European Union: rights-based regulation
The EU has positioned itself as the global leader in AI regulation, emphasizing fundamental rights protection, transparency, and democratic accountability. The EU AI Act creates risk-tiered requirements. GDPR restricts data practices underlying AI. This approach prioritizes citizens' rights over deployment speed and may serve as a model for democracies globally.
India: scale, language diversity, and leapfrogging
India represents both a massive market and a unique AI challenge: enormous linguistic diversity (hundreds of languages and dialects), significant infrastructure variation, and a large technical workforce. India's government has invested in AI for public services at scale — Aadhaar biometric identity, digital payments — while grappling with inclusion, bias, and privacy concerns in systems serving over a billion people.
Africa: leapfrogging, mobile-first, and building local capacity
Many African nations lack the legacy infrastructure constraints that slow AI adoption elsewhere, creating opportunities to build AI-native systems for healthcare, agriculture, and finance. AI researchers and advocacy organizations across the continent are pushing for African-centered AI development — datasets that reflect African contexts, models trained on African languages, and governance frameworks that reflect African values and priorities.
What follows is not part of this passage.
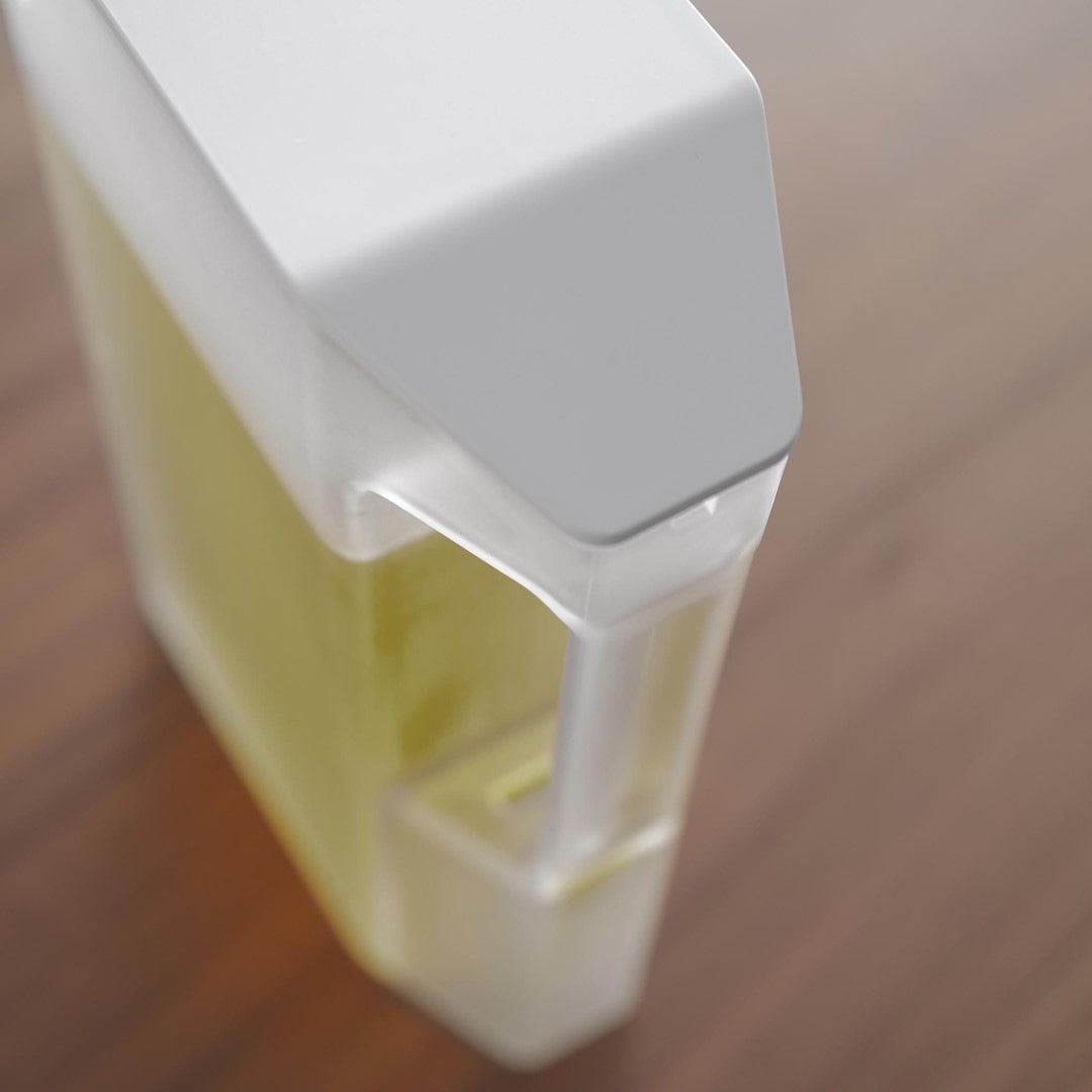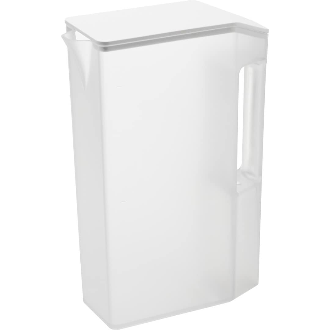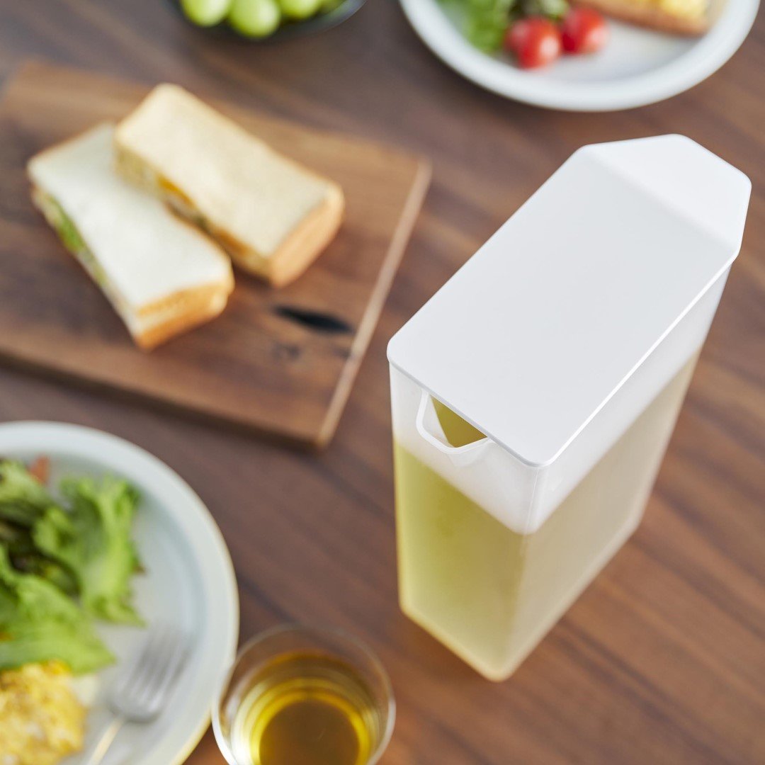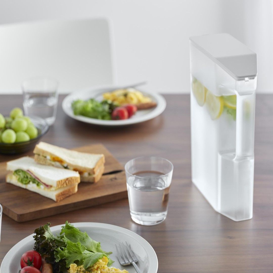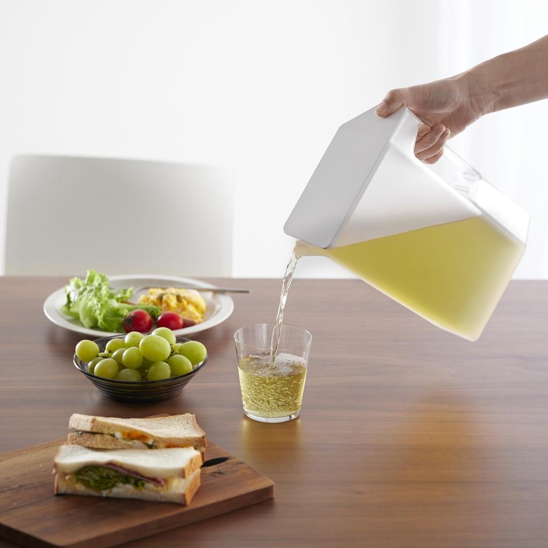 持ちやすく、注ぎやすく、収まりが良いスリムさ安定して持ち運びやすい取っ手付きの冷水筒です。幅8.1cmの薄型設計ボトルは冷蔵庫の手前ドアポケットにもスッキリと収まりやすいスリムさです。太めのハンドルは片手で持ったときに親指を添えやすく、握りやすい形状をしています。キッチンや食卓に似合う、2色のカラーバリエーションカラーは、明るい印象のホワイト、スタイリッシュなブラックをご用意しました。キッチンや冷蔵庫、食卓にマッチし、ドリンクの色を邪魔しないシンプルなカラーリングです。お手持ちのテーブルウェアなどに合わせてお好みのカラーをお選びください。中が見やすく涼やかな半透明ボトル飲み物の色が見えやすい半透明のボトルは、2種類以上のドリンクをストックしていても欲しいドリンクがパッと一目でわかります。カットしたレモンやオレンジ、ミントを入れたフレーバーウォーターも、ボトルの見た目から楽しめます。希釈飲料水も作りやすい便利な目盛り付き本体には1Lと2Lが一目でわかる目盛り付きです。濃縮タイプの麦茶や紅茶、コーヒーなどを使ってお茶を作るときも、軽量カップを使わずに冷水筒だけで適切な水の量を計ることが可能です。使う道具が少なければ洗い物が少なく済みます。少ないパーツや水抜き穴で、お手入れしやすい工夫フタと本体だけのシンプルな構造です。余計なパーツが無いからお手入れがラクちんです。洗った容器を逆さまに伏せると、持ち手の内側にある穴からも水が抜ける設計になっています。早く乾かせるから洗うのが億劫にならず、清潔に使い続けられます。

AI colonialism and the extractive dynamic

Scholars have raised concerns about "AI colonialism" — patterns in which AI benefits accrue to wealthy countries and companies while costs (data extraction, content moderation labor, environmental impacts of compute infrastructure) are disproportionately borne by poorer countries. Data labeling workforces in Kenya, Nigeria, the Philippines, and Venezuela do the labor-intensive annotation work underlying AI systems without receiving commensurate benefits or intellectual property rights.

The dominant narrative of AI as universal progress obscures this distributive reality. Whose data trains the models? Who captures the economic value? Who bears the environmental costs? Whose communities are algorithmically managed without meaningful recourse? These are questions of political economy, not technology.
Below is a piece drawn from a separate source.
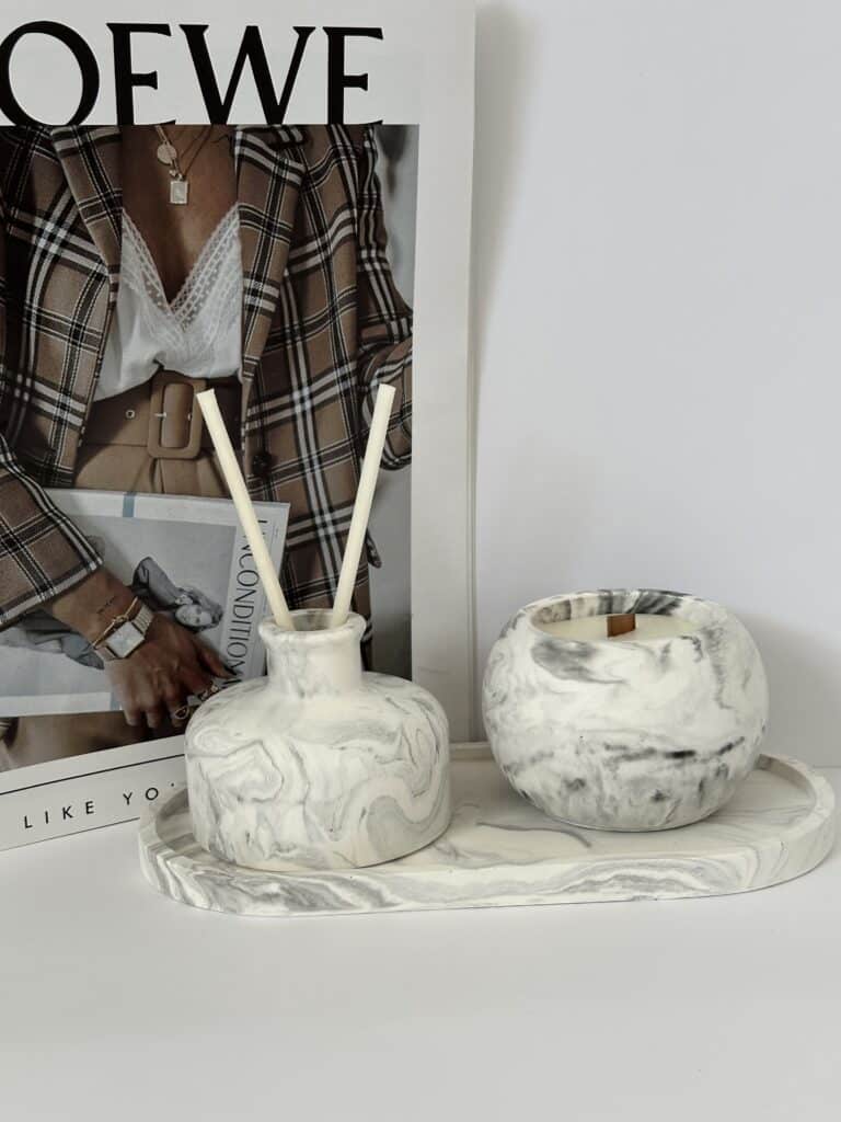 נר ריחני ואלגנטי משעוות סויה טבעית בכלי בטון בצבע לבן שמנת וחום
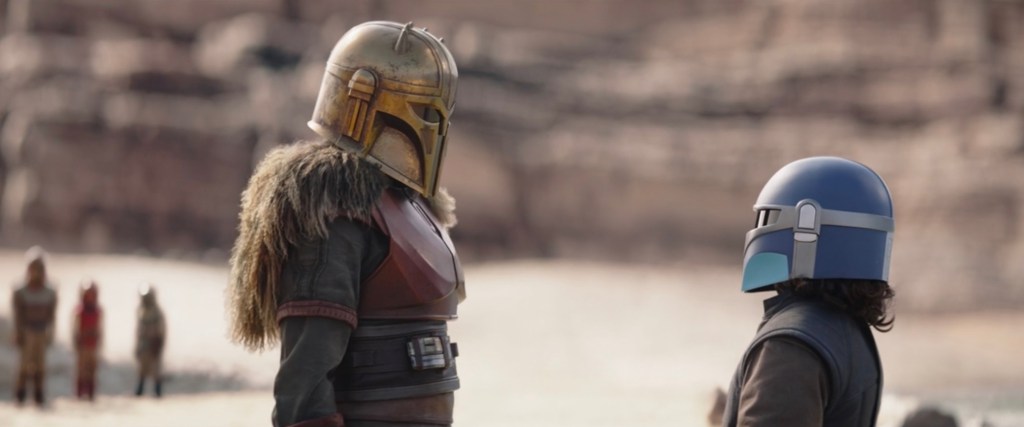 Talvez esta seja a temporada mais “aleatória” da série, não só por focar em uma narrativa mais cadenciada, mas por não ter pressa de chegar em um determinado ponto que acelere seu desenvolvimento. Quando encontramos Din e Grogu no episódio “Chapter 17: The Apostate” (3×01), estamos diante de uma jornada em busca purificação de um mandaloriano que largou suas raízes ao revelar seu rosto e agora busca a restauração da sua própria doutrina ao fazer uma busca pelas antigas águas purificadoras de Mandalore, seu planeta natal.

Building genuinely global AI

Masakhane is a grassroots organization building natural language processing capabilities for African languages — most of which are severely underrepresented in standard AI training datasets. Its model of community-led, open-source development in languages spoken by millions demonstrates that the concentration of AI capability is not technologically inevitable. It reflects investment priorities that can be changed. Similar efforts are underway for Indigenous languages, regional dialects, and other linguistic communities that dominant AI systems have effectively excluded.

Cultural values and AI design

AI systems are not culturally neutral. The concept of "individual privacy" central to many Western AI ethics frameworks has different meaning and weight in cultures with stronger collectivist traditions. The prioritization of efficiency and optimization reflects particular economic values. The assumption that AI systems should optimize for measurable outcomes embeds a specific epistemology about what is valuable and knowable.

Genuinely global AI development requires engaging with diverse cultural frameworks for understanding the relationship between technology, community, and the good life — not as a diplomatic nicety but as a design requirement for systems that will work well in diverse contexts.

The case for diversity in AI development

More diverse AI development teams — by gender, nationality, linguistic background, and lived experience — build better systems, not just more equitable ones. Diverse teams catch failure modes that homogeneous teams miss. They identify user needs that narrow demographics don't surface. They build in contexts that matter to real people outside a narrow demographic slice. The case for diversity is not only ethical — it is a case for better technology.